For more diagnostics and visualisation we can convert the jags function into an MCMC object. Using the MCMC object we can look
at numerical summarises,traceplot and desity plots.

# convert into MCMC object
jags.fit.mcmc.coin<- as.mcmc(jags.model.fit.coin)

# get numerical summary
summary(jags.fit.mcmc.coin)

# get traceplots
xyplot(jags.fit.mcmc.coin)

# get density estimate
densityplot(jags.fit.mcmc.coin)

image.png

image.png

image.png

The function xyplot and densityplot of the lattice package give us trace plots and density plots of all the parameters. If we want to concentrate on individual parameters, we can use the MCMCtrace function of the MCMCvis packages

MCMCtrace(jags.fit.mcmc.coin,
          params = 'Y', # parameters of interest
          type = 'density', # density plot
          ind = TRUE, # separate desnity lines for each chains
          pdf = FALSE # plots are NOT exported into a pdf
          )

MCMCtrace(jags.fit.mcmc.coin,
          params = 'P8',
          type = 'trace',
          ind = TRUE,
          pdf = FALSE
          )

image.png

image.png

Note that the above outputs can also be generated manually using the simulated samples. These can be extracted from the jags object, e.g. jags.model.fit.coin$BUGSoutput$sims.list$Y gives us the 100 binomial samples generated by the model fit.
We can also extract summaries of interest. For example, we can get the point estimate, and the two endpoints of a 95% credible interval using the following.

jags.model.fit.coin$BUGSoutput$summary[,1] # mean
jags.model.fit.coin$BUGSoutput$summary[,3] # 2.5 quantile
jags.model.fit.coin$BUGSoutput$summary[,7] # 97.5 quantile

image.png

Exercise

  1. Increase the number of iterations when fitting the model. What effect will this have on your point estimate and why?

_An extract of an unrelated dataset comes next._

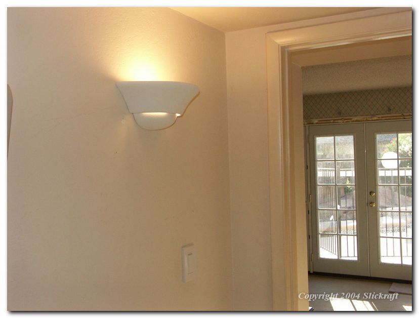 New sconce at other end of hallway. Units are paintable ceramic and use 100w bulbs on a dimmer.

  2. Produce output using 2 or 3 chains with varying number of iterations. How similar are the outputs produced by the different chains? Note that using multiple chains is crucial when assessing chain convergence.

  3. By editing the model function, find the probability that a clinical trial with 30 subjects, each with peobability 0.7 of response, will show 15 or fewer response.

  4. By writing your own model find the expectation of the cube of a random variable with mean 1 and standard deviation 2. Note that if only one node is monitored you might have to use print(jags.model.fit.coin[drop=F]) to print the summary.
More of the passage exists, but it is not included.